As shown in the following figure, status is located in the basic information table, price is located in the price list, stock is located in the inventory table, when querying the status, price, stock data of the three commodity IDs, in Redis, product1 does not hit the status data, product2 does not hit the price data, product3 is hit, then the product1 will be routed to the basic information table data to be obtained queue, product2 is routed to the price list data to be obtained queue, and then a separate thread goes to the corresponding data table to query the data concurrently, and then assembles the results to return.
Refer to Spring’s BeanFactoryPostProcessor, which provides some extensibility points to provide scalability without changing the main process. As shown in the following figure, after receiving the request parameters, the validation of the parameters and the parsing of the bit-bit request fields are implemented in the extension class
Seventh, optimize the effect
From four perspectives, the effect of optimization is viewed, namely the GC situation on the calling side, the GC number and GC time on the server side, the network card traffic, and the interface time-consuming.
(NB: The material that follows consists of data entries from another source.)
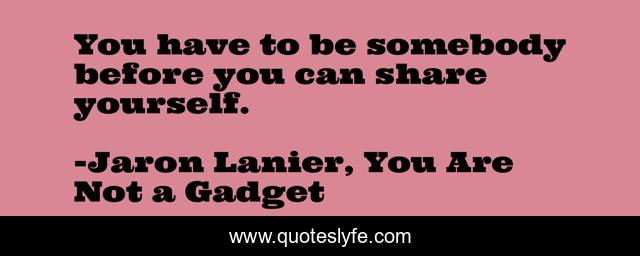 This page presents the quote "You have to be somebody before you can share yourself.". Author of this quote is Jaron Lanier, You Are Not a Gadget. This quote is about sharing, character, personality,.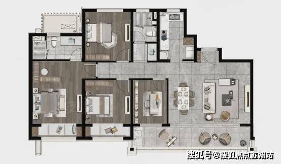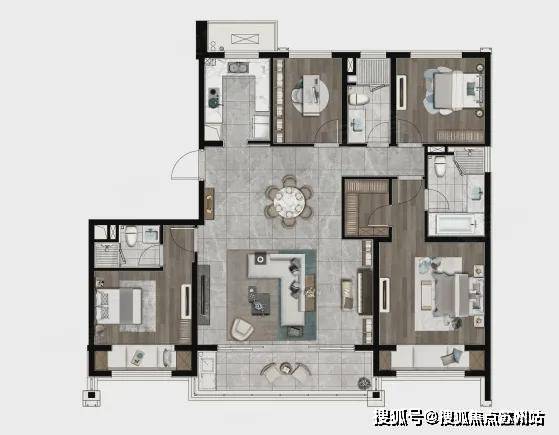 户内楼面高度不一致,错开之处有楼梯联系。但没有完全分为两层。(适合大面积住宅,小户型会显得局促)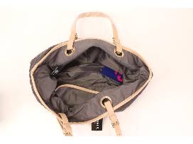Fashion meets function with this quilted faux leather tote from Satchels New York. The soft, quilted, slate grey micro check fabric is accented with faux vegetable leather accents. Gold-plated grommets and buckles give this bag that extra touch. Completely lined and features a large open inside pocket on one side and a zippered pocket on the other side with a cell phone pocket. Faux leather zipper pull tabs and a key ring to keep your keys out of the way.
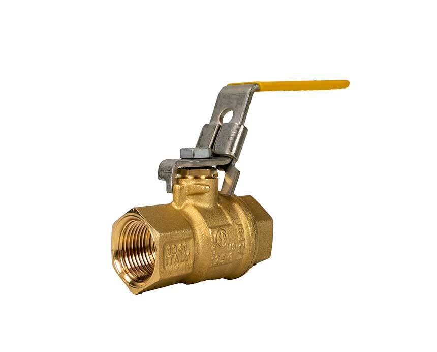 Brass Ball Valve, 2 Piece, Full Port, Threaded Connection, Locking Handle, 600 WOG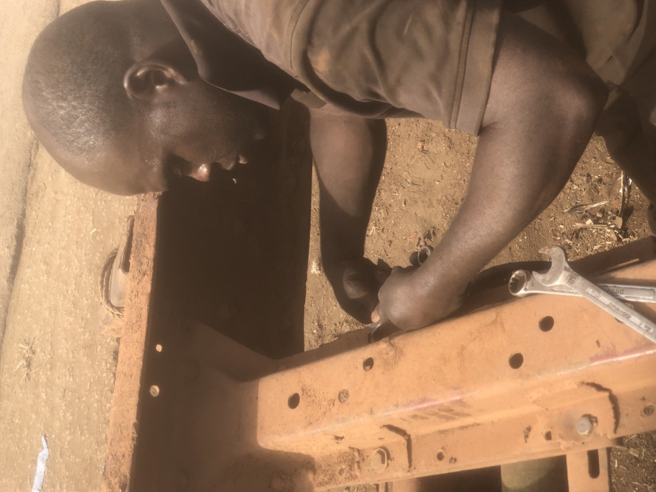 A dark-skinned male, observed in profile, is actively engaged in mechanical work on an outdoor, unpaved surface in Kufena, Nigeria

This data is obtained in the scenario where the TPS is 3500 and the optimized interface returns 14 fields of data and the interface returns 50 fields of data before tuning.
It should be noted that the 14 fields used by the promotion are in 3 different tables, and in the case of completing a transaction, 3 original interfaces need to be called.
Before the call was called, 547 GCs occurred per unit time of the interface, which took 1.74 seconds
After the call is optimized, 176 GCs occur in the interface per unit time, which takes 561ms
About 3 times the lift
Optimize the GC before calling the terminal
After optimization, the call-side GC is optimized
The caller calls the pre-optimization interface, and the server side has 10 YGCs per unit time
After the call side calls the optimized interface, the server side has 3 YGCs per unit time (4 times for highs and 2 times for lows)
About 3 times the lift
The number of GCs before optimization
The number of GCs after optimization
The caller calls the pre-optimization interface, and the GC time is about 120ms per unit time on the server side
The caller calls the optimized interface, and the GC time of about 40ms per unit time on the server side is used
About 3 times the lift
GC time before optimization
GC time after optimization
The call terminal calls the pre-optimization interface, and the traffic of the server machine passing through the NIC is 90.62MB per unit time
When the caller calls the optimized interface, the traffic of the server machine passing through the NIC is 11.95MB per unit time
About 8 times the lift
Optimize the pre-flow flow
The average time spent on the first three interfaces is 1.17ms, 1.52ms, and 1.23ms
After calling the optimized interface, the average interface takes 1.30ms
Performance before optimization
This article optimizes the commodity system from the perspective of data, and makes some brief introductions from the analysis idea to the specific implementation.